- Written by: Gillian Slovo
- Subject: Compiled from spoken evidence; interviews taken from different people directly and indirectly involved in the 2011 England riots
- Genre: verbatim theatre

Premiere
- Date: 22 November 2011
- Place: Tricycle Theatre, Kilburn, London
- Official website

= The Riots =

2011 play created by Gillian Slovo

The Riots is a play created by Gillian Slovo from spoken evidence, which explains and evaluates the events that took place during the 2011 England riots. The play is written in the style of verbatim theatre using interviews from politicians, police, rioters and victims involved in the riots. The Riots first opened at the Tricycle Theatre in Kilburn on 22 November 2011, after previewing from 17 November 2011.

==Context==
On 6 August 2011 rioting broke out in Tottenham, London in reaction to the death of Mark Duggan, who was shot dead by a police officer on 4 August. Over the next four nights the rioting spread, affecting other areas of London and the rest of England. Serious rioting, looting, assault, and damage to property and businesses took place in cities all over England. Less than two weeks after the initial rioting on 6 August, police forces throughout England had made nearly 3,000 arrests. The government refused to hold a full public enquiry into the causes of the rioting. Nicolas Kent, artistic director of The Riots, contacted Gillian Slovo only days after the rioting began and together they created a dramatic response to these terrible events, which they claimed would answer some questions.

==Overview==
The Riots is staged in two-halves. The first half gives a thorough and vivid image of how the riots unfolded and spread from city to city. This is told through witness accounts from rioters, police officers, onlookers and local residents, in particular Mohamed Hammoudan, whose house was burnt down. The second half reflects on the riots, using interviews from politicians, rioters, police, teachers, community leaders, lawyers and social workers, analysing why the riots occurred, for what reasons and how society and the government can learn from them.
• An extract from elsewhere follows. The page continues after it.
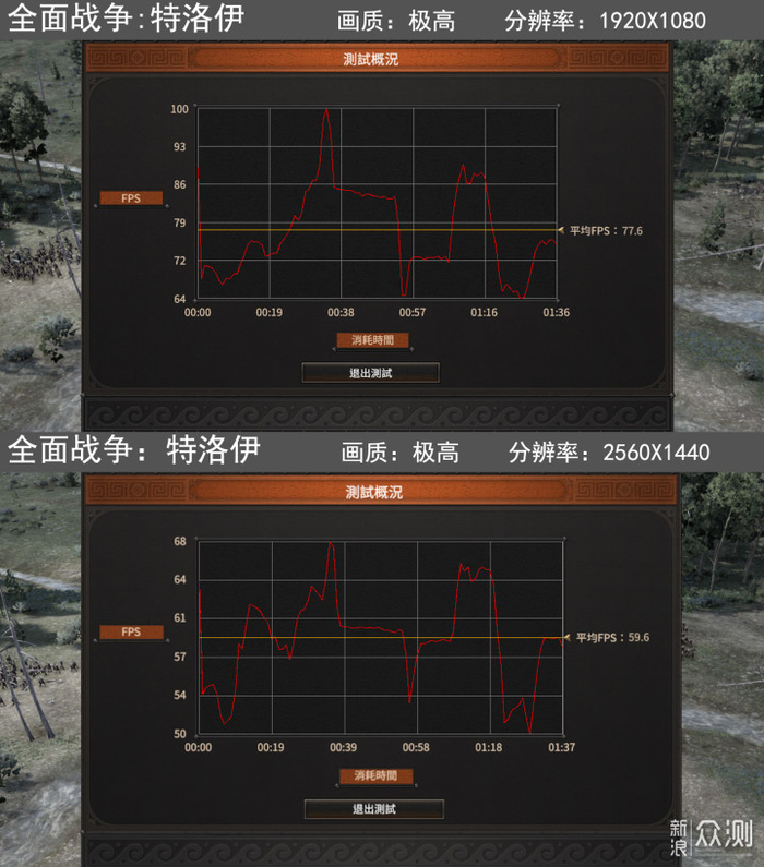 《全面战争:特洛伊》的Bench,极高(最高)画质下,1080p分辨率下达到78fps;提高到2k分辨率,帧数下降到接近60fps,对于一款RTS游戏也是足够了的。

Slovo has compiled a plurality of voices, in an unbiased manner, which describes, discusses and questions the causes of the 2011 England Riots.

==Characters==
- Diane Abbott MP
- HH Judge Robert Atherton
- John Azah
- Camila Batmanghelidjh
- Martin Sylvester Brown
- Dr Barbara Cleaver
- Chief Inspector Graham Dean
- Sergeant Paul Evans
- Iain Duncan Smith MP
- Harry Fletcher
- Judge Andrew Gilbart QC
- Michael Gove MP
- Mohamed Hammoudan
- Simon Hughes MP
- Chelsea Ives
- Owen Jones
- Sadie King
- Superintendent Leroy Logan
- Karyn McCluskey
- John McDonnell MP
- Revs Nims Obunge
- Sir Hugh Orde
- Greg Powell
- Jacob Sakil
- Stafford Scott
- David Swarbrick
- Inspector Winter
- Man 1
- Man 2
- Man 3

==Original cast==
The original cast consisted of fourteen actors playing 30 characters: Michele Austin, Sarah Ball, Kingsley Ben-Adir, Grant Burgin, Christopher Fox, Rupert Holliday Evans, Clementine Marlowe-Hunt, Okezie Morro, Cyril Nri, Tom Padley, Alan Parnaby, Selva Rasalingam, Steve Toussaint and Tim Woodward.

==Transfer==
After a sell out show and 4 star reviews from major newspapers including The Guardian and The Daily Telegraph the production of The Riots closed at the Tricycle Theatre on 10 December 2011. The Riots transferred to the Bernie Grant Arts Centre in Tottenham from 4–14 January 2012.